While attending trade shows with his co-founder to seek out products that would give them a unique place in the market, they turned their eyes towards the technology scene, and ultimately settled on robo-vacuums, a very nascent market (in Singapore) at that time.

The idea was so new, in fact, that you could hardly get any units off retail shelves. Berrylalola capitalised on their ability to import these products, and gained the upper hand they had been seeking.

Technology and innovation, however, always progresses at breakneck speed, and the situation was no different with home cleaning appliances. On a competitive marketplace like Qoo10, playing in a competitive industry, how has Berrylalola continuously maintained their lofty position?

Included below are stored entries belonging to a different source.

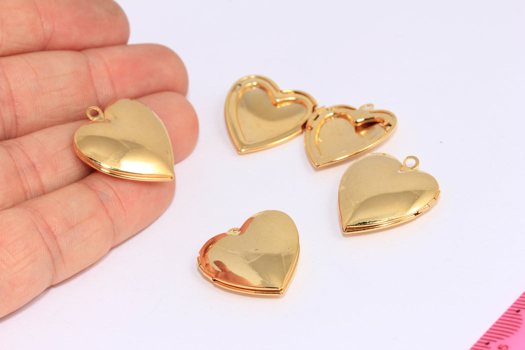 23x25mm 24 Ayar Parlak Altın Kalp Madalyon Kolye, Kalp, Altın SLM299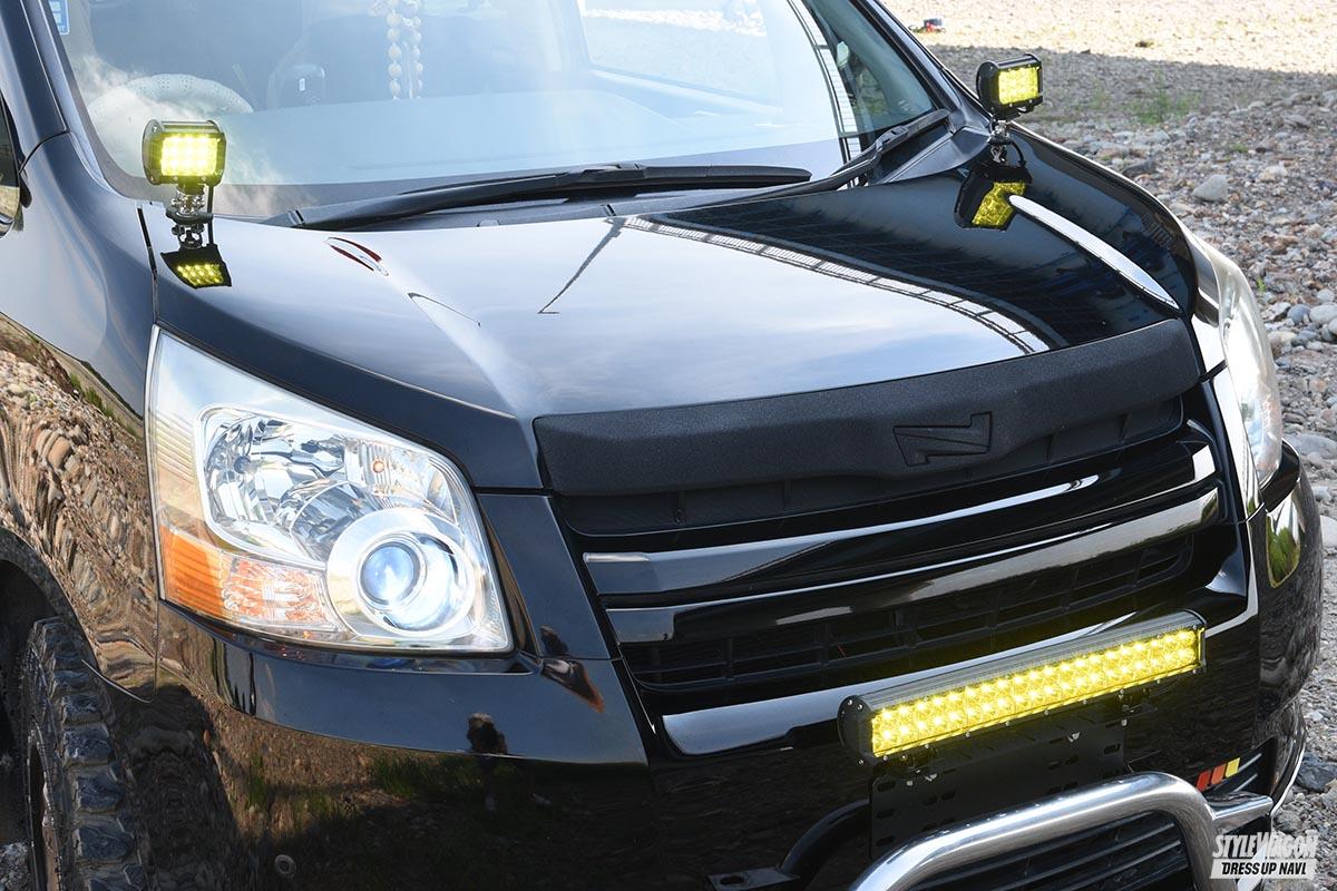 フロントグリル直下のLEDバーやボンネット両サイドのワークライトはイエローレンズに統一することでソレっぽい雰囲気を演出。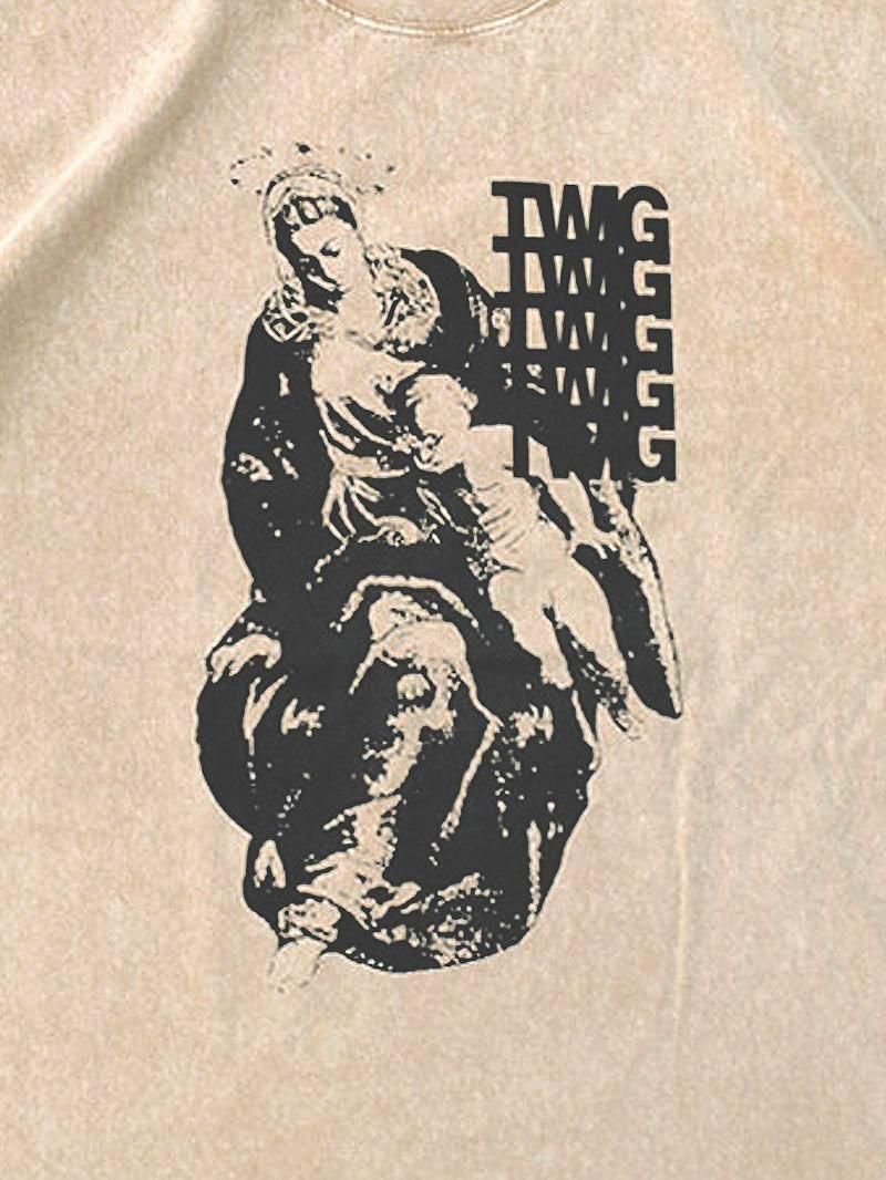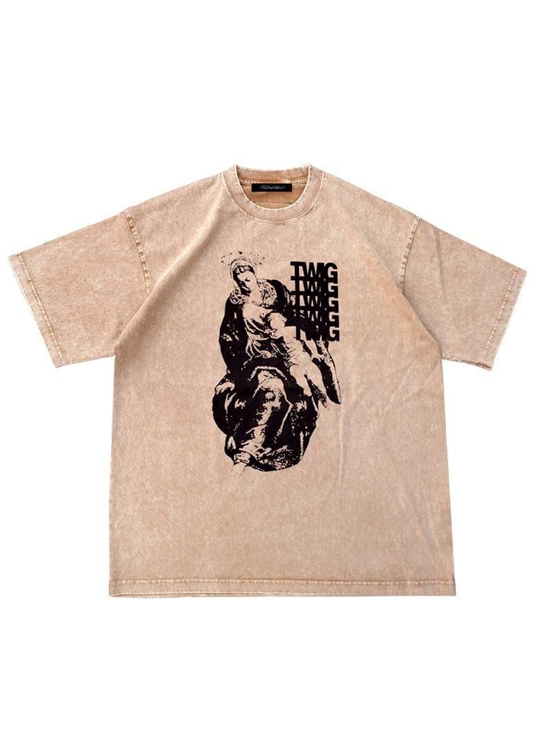 マリアプリントのリラックスウォッシュTシャツ。 背中オリジナルパッチデザイン。 material:cotton100% サイズ1:肩幅約57cm身幅約60cm袖丈約22cm着丈約74cm サイズ2:肩幅約61cm身幅約64cm袖丈約24cm着丈約78cm 寸法はおおよそとなります、ご了承ください。 ※画像はサンプルです。実際の商品と仕様や色味など若干変更になる可能性がございます、ご了承ください。

“We’ve never stopped looking for more advanced products. When we first began selling robo-vacuums, they were relatively dumb devices, with not much of a brain. Since then, we’ve constantly sourced for better products built with the latest innovations,” said Andrew with next to no hesitation.

The same principle extends to non-electronic devices, like the good old house mop. From conventional string mops, to squeeze mops, to spin mops, Berrylalola stayed ahead of the race by ensuring that they were the merchants selling the mops with features that few others, if any at all, were also offering.

Testing new waters

One way that brands gain recognition or reputation is to be particularly good at making or selling a particular class of products – Starbucks with coffee, Adidas and Nike with sports shoes, Swarovski with crystals, and the like.

With Berrylalola, one could very loosely classify them as a purveyor of home cleaning products. A closer look at their items, however, identifies a few outliers, like the Xiaomi TV, walkie-talkies, gym balls, photography light boxes, and travel organisers. Does the company source products in response to customer requests, or do they have ways of keeping a tab on the latest trends that they can the respond to?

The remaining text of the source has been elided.